Noi siamo un solo popolo, che costruisce attraverso se stesso il proprio essere sociale di popolo indigeno. E non esiste solo il problema per gli indigeni, ma esistono anche i contadini, i settori sociali ed anche loro pagano le conseguenze di questa situazione: sono incarcerati. In questi giorni in Saravena hanno arrestato piu’ di un leader ed ora stanno nel carcere di Bogota’. Questo ci rende tristi. Stanno in Bogota’ senza nessuna colpa, perche’ il governo prende queste persone che come noi, non hanno fatto niente e li mette nella Picota (il carcere ndt), soffrendo. Dove ci stanno portando, a noi, come popolo, come contadini? A noi, popolo indigeno, i contadini ci hanno appoggiato molto. In passato ci sono state incomprensioni tra contadini e indigeni, pero’ adesso i contadini si sono relazionati con noi in una maniera molto buona.

Come hanno detto molto bene i Capitani e i compagni indigeni che hanno parlato prima di me, oggi perfino noi leader indigeni siamo minacciati dalla violenza. Noi non capiamo perche’ ci vogliono coinvolgere in questa guerra. La guerra non e’ tra di noi. La guerra e’ tra di loro. Si stanno uccidendo tra colombiani. Sono loro. Noi indigeni non sappiamo del perche’ di questa guerra. Noialtri non abbiamo fucili qui. Questo modo appartiene ad un’altra cultura. La nostra cultura, le nostre abitudini i nostri usi tradizionali sono diversi. Vedete delle armi qui? Noi non abbiamo armi! Appena le stampelle di questo signore (indicando un uomo a cui mancava una gamba e con le stampelle ndt).

Tutto quello che chiediamo a partire dal livello nazionale fino ad arrivare a livello internazionale e’ una commissione. Chiedere che altri fratelli di comunita’ indigene internazionali vengano a vedere la nostra condizione, a vedere il tipo di problema che sta’ nascendo a livello del dipartimento. Qui la situazione e’ molto critica. Noi non sappiamo con chi abbiamo a che fare e neppure comprendiamo il loro atteggiamento.

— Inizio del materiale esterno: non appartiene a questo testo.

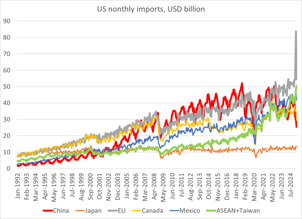 The consumer goods from Asia tariff front running was more subtle than the pharma front running -- it shows up as higher than usual imports from Asia overall in q1 (usually a seasonal low). April saw the first overall fall in imports from the most relevant set of countries 3/

Lo stesso esercito, come ha appena terminato di dire chi mi ha preceduto, si veste da paramilitare!! E dicono che sono un Governo!! Ma anche noi siamo un Governo! Noi siamo una Nazione, da 512 anni di lotta. Facendola finita con il primo indigeno, la faranno finita con tutto, non solo gli indigeni... uccidendo gli indigeni anche il mondo morira’. Perche’ noi stiamo proteggendo la natura, il bianco non lo fa. Custodiamo il medio ambiente, la fauna, la flora. E sappiamo come farlo. Pero’ il bianco non custodisce. Lo stato non custodisce, la unica cosa che vuole e’ sempre piu’ denaro. Vuole distruggere. Vuole rendere sempre piu’ poveri i poveri. Vuole comperare piu’ armi per uccidere il suo stesso popolo. Noi indigeni non vogliamo questo. Non vogliamo questo presidente. La politia di Uribe e’ quella di farla finita. Farla finita con tutto. Noi lo sappiamo.

Ed oltre questo, c’e l’ ALCA. L’ ALCA e’ una impresa multinazionale la quale attraverso la legge, comincia a fare piani sul territorio indigeno. Questo noi non lo permetteremo. Per questo motivo abbiamo l’obbligo di unirci, avere piu’ forza. Pero’ non con le armi, noi lottiamo con la mente, con il nostro sentimento. Questo sentimento di lotta che ci portiamo dietro da 512 anni ci ha permesso di resitere come popolo indigeno.

Inoltre ci sono persone, diciamo i paramilitari, che vanno dicendo cose false. Per primo violano le donne, facendo cose sbagliate, che non devono fare. Cosa sta’ dunque succedendo? Stanno violando il diritto umanitario. Ma dove andiamo a finire per questa strada? Dove andiamo a finire noi, popoli indigeni? Come diciamo noi: nelle citta’ non possiamo vivere. Noi possiamo vivere solo sulla nostra terra, perche’ il nostro territorio e’ buono: quando c’e’ la terra c’e salute, c’e’ educazione, c’e’ produzione che permette di mantenerci, c’e’ la medicina tradizionale. Questo e’ quello che chiediamo: la terra e che abbiano rispetto. Noi siamo una autorita’ uguale alla loro. Siamo una nazione. Siamo pochi, ma siamo una nazione!